Мы с Мэнчи миновали школьное здание, поднялись на гряду, поворотили нос к северу – и вот он, город. От него не слишком много осталось. Один магазин, раньше было два. Один паб, раньше тоже было два. Одна клиника, одна тюрьма, одна бензоштанция (не работает), один большой дом (для мэра), один полицейский ушасток. Церковь еще. Коротенький кусок улицы в центре (замостили еще во время оно, потом не перемащивали), раскрошился весь в гравий. Все дома и прочее – туда-сюда… окраины, фермы там, ну, вернее, типа фермы: некоторые еще ничего, иные пустыми стоят, кое-где – хуже, чем пустыми.
Вот тебе и весь Прентисстаун. Население сто сорок семь человек и все время падает, падает… сто сорок шесть человек и один получеловек.

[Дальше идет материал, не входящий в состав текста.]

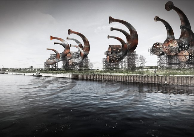 Όπως διαβάσαμε στο designboom, το έργο αποτελείται από 12 μεγάλες κόρνες που θυμίζουν εκείνες των Βίκινγκς και λειτουργούν με τουρμπίνες αέρα για να παράγουν ενέργεια και παράλληλα ήχους.
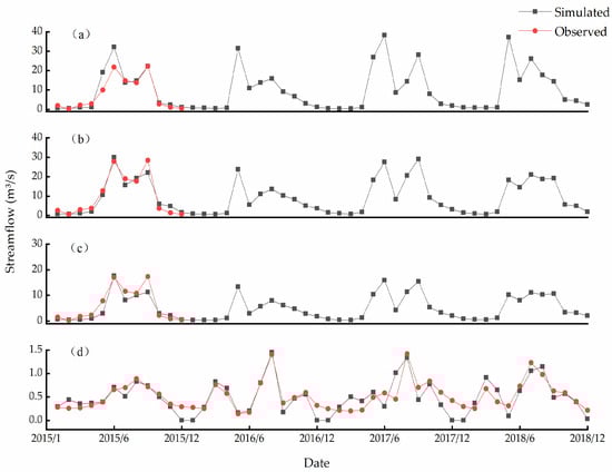 Figure 7 shows the comparison between the simulated runoff and the measured runoff of the study areas in the period 2015–2018. On the monthly scale, the simulated runoff of the model was generally consistent with the measured runoff.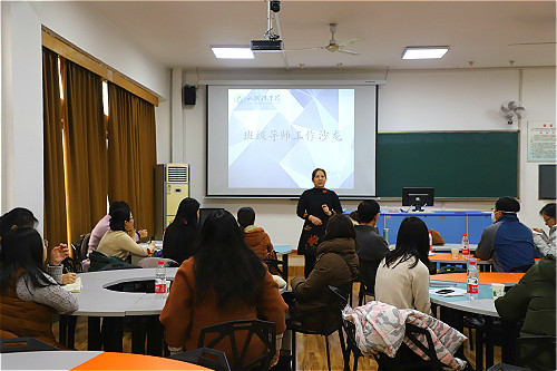 12月10日下午,外国语学院在8号教学楼218室举办班级导师工作沙龙活动。学生心理健康教育与咨询中心教师王素霞主持此次活动,18级和19级班级导师积极参加。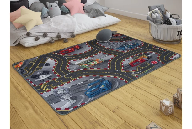 Šedý detský koberec na hranie o rozmere 100×150 cm zaujme svojim nápaditým dizajnom, ktorý je ideálny pre všetkých fanúšikov áut a poskytuje fantastický hrací povrch, na ktorom deti môžu so svojimi autíčkami pretekať po dráhe. Vaše deti sa zabavia na dlhé hodiny, a preto je to skvelý doplnok do detskej izby.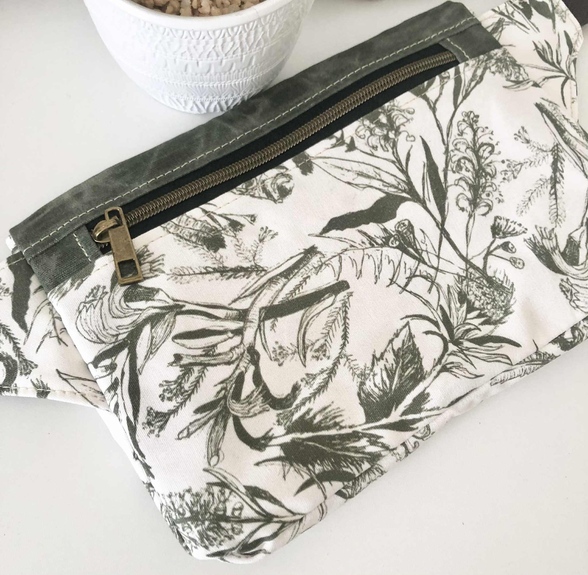 Belt Bag with Bush Blooms and Green Waxed Canvas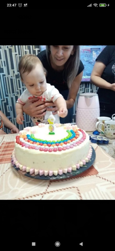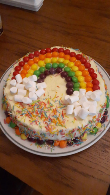Здравствуйте! Спасибо большое Вам за интересный рецепт Торт Радуга! Так как мой малыш пока не ест ягоды и творог, я взяла за основу торта цветные коржи (использовала 7 пищевых красителей) и заварной крем, а вот Ваше украшение торта меня очень впечатлило. Старалась повторить ваше украшение, но получилось немного не так, как у вас. По своим причинам готовила заварной крем для торта. Верх украсила кругом из мастики, а бока белковой глазурью. Радугу выложила цветным драже, смотря на ваше фото. Облака сделала из маршмэллоу, старалась как у вас) Вместо кондитерской посыпки положила шарики из остатков мастики.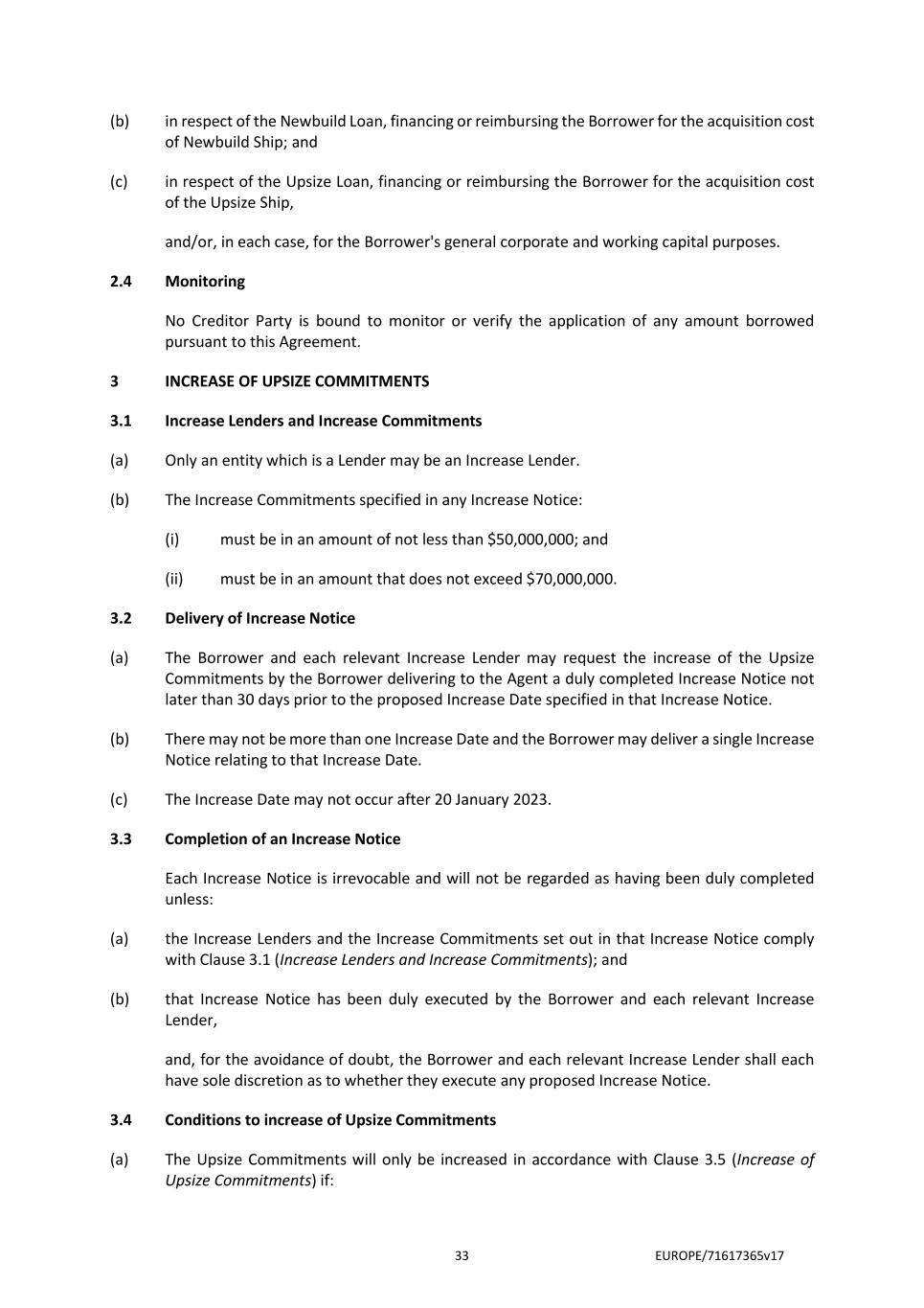 33 EUROPE/71617365v17 (b) in respect of the Newbuild Loan, financing or reimbursing the Borrower for the acquisition cost of Newbuild Ship; and (c) in respect of the Upsize Loan, financing or reimbursing the Borrower for the acquisition cost of the Upsize Ship, and/or, in each case, for the Borrower's general corporate and working capital purposes. 2.4 Monitoring No Creditor Party is bound to monitor or verify the application of any amount borrowed pursuant to this Agreement. 3 INCREASE OF UPSIZE COMMITMENTS 3.1 Increase Lenders and Increase Commitments (a) Only an entity which is a Lender may be an Increase Lender. (b) The Increase Commitments specified in any Increase Notice: (i) must be in an amount of not less than $50,000,000; and (ii) must be in an amount that does not exceed $70,000,000. 3.2 Delivery of Increase Notice (a) The Borrower and each relevant Increase Lender may request the increase of the Upsize Commitments by the Borrower delivering to the Agent a duly completed Increase Notice not later than 30 days prior to the proposed Increase Date specified in that Increase Notice. (b) There may not be more than one Increase Date and the Borrower may deliver a single Increase Notice relating to that Increase Date. (c) The Increase Date may not occur after 20 January 2023. 3.3 Completion of an Increase Notice Each Increase Notice is irrevocable and will not be regarded as having been duly completed unless: (a) the Increase Lenders and the Increase Commitments set out in that Increase Notice comply with Clause 3.1 (Increase Lenders and Increase Commitments); and (b) that Increase Notice has been duly executed by the Borrower and each relevant Increase Lender, and, for the avoidance of doubt, the Borrower and each relevant Increase Lender shall each have sole discretion as to whether they execute any proposed Increase Notice. 3.4 Conditions to increase of Upsize Commitments (a) The Upsize Commitments will only be increased in accordance with Clause 3.5 (Increase of Upsize Commitments) if: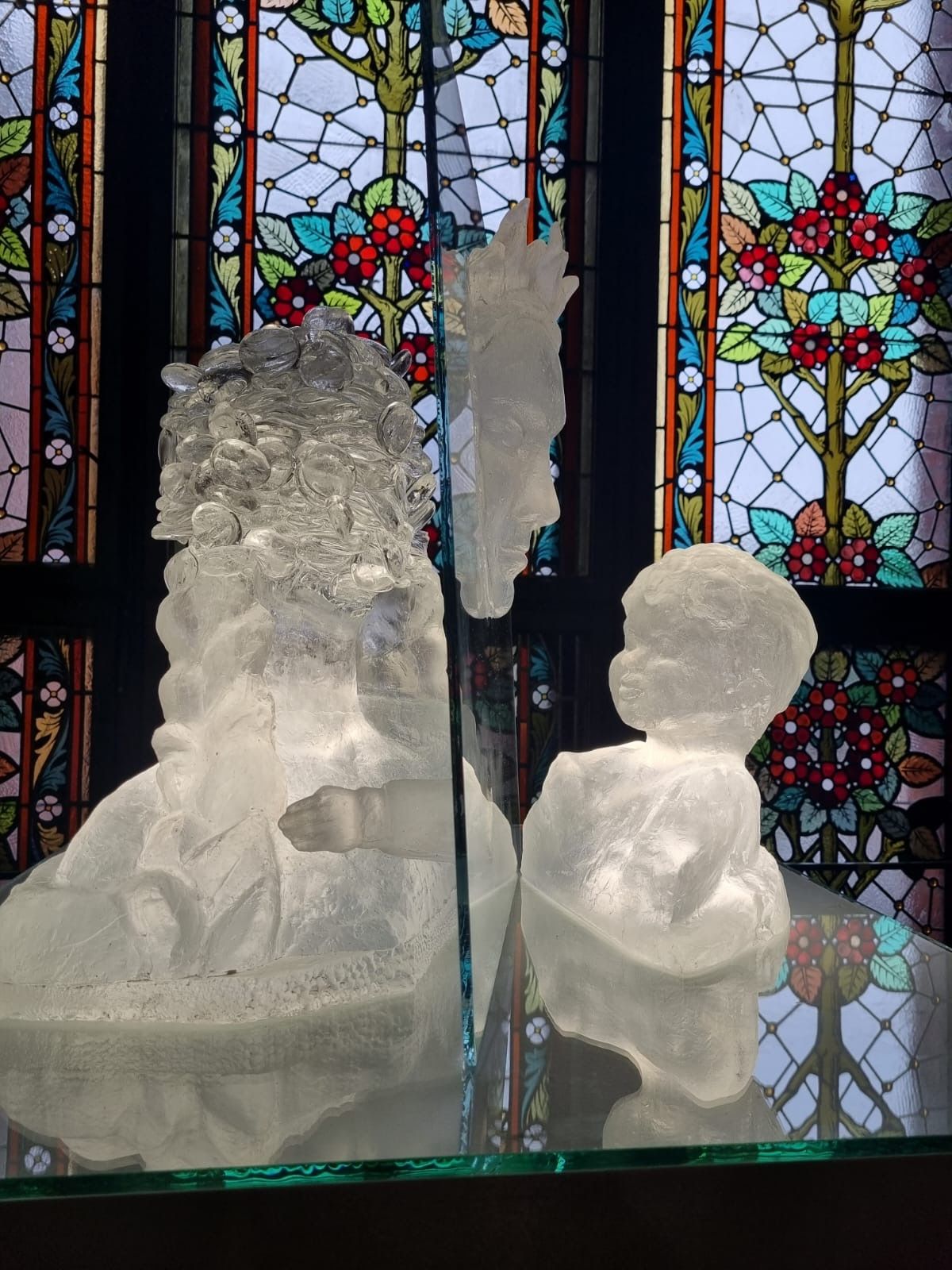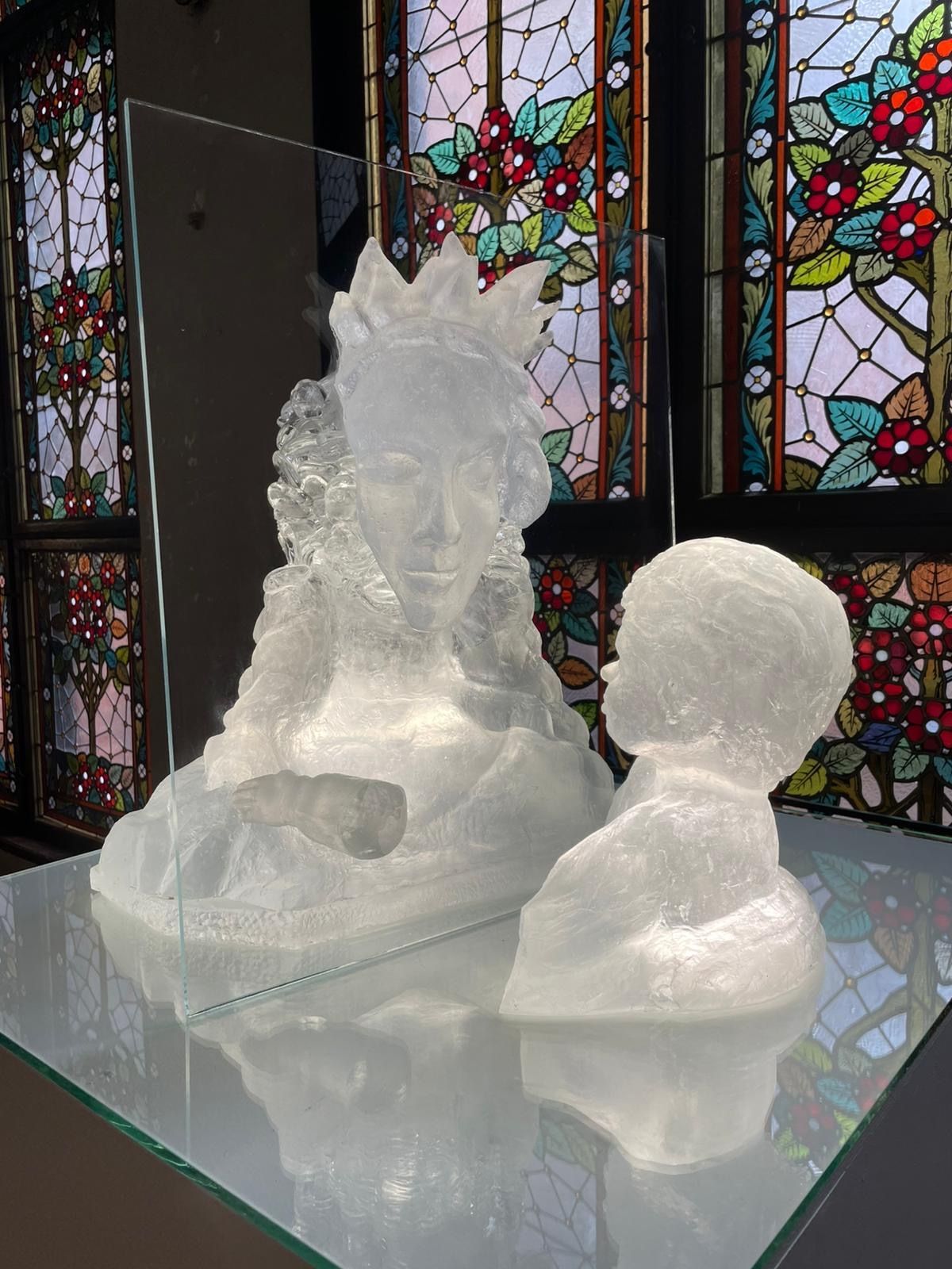 The sun is a symbol of life, eternal motion, heat. Sunlight symbolizes inspiration and spiritual observation. It protects the family, brings God's blessing, is the voice of the harmony of the events of the universe and the highest aesthetic values. At the center of the sun sign is the soul of man, his higher self. The center also symbolizes the subtle or energy of thoughts, the counsel of God. The artwork DAUGHTER of the Sun is a set of glass sculptures. The daughter of the sun is a mythological creature associated with the sun in the form of a young woman. In a work of art, the daughter of the Sun holds her child in her arms. The author talks about the identity of a woman-mother, about faith in herself, about her belonging and being, and reflects the ancient Baltic view that a child is happiness.

Бен говорит, когда-то по всему Новому свету были разбросаны поселения, все наши корабли приземлились примерно в одно время – лет за десять до меня это было, а потом началась война с ушлепками, и ушлепки выпустили микроба, и все остальные поселения повымело, и сам Прентисстаун тоже почти повымело, и выжил он только лишь благодаря военному мастерству мэра Прентисса, и хоть мэр Прентисс – кошмар не приведи господь, мы ему обязаны, по крайней мере, этим, што единственные выжили в целом огромном мире без женщин, которому нечего сказать в свое оправдание, – городок на сто сорок шесть мужиков, который вымирает потихоньку с каждым божьим днем.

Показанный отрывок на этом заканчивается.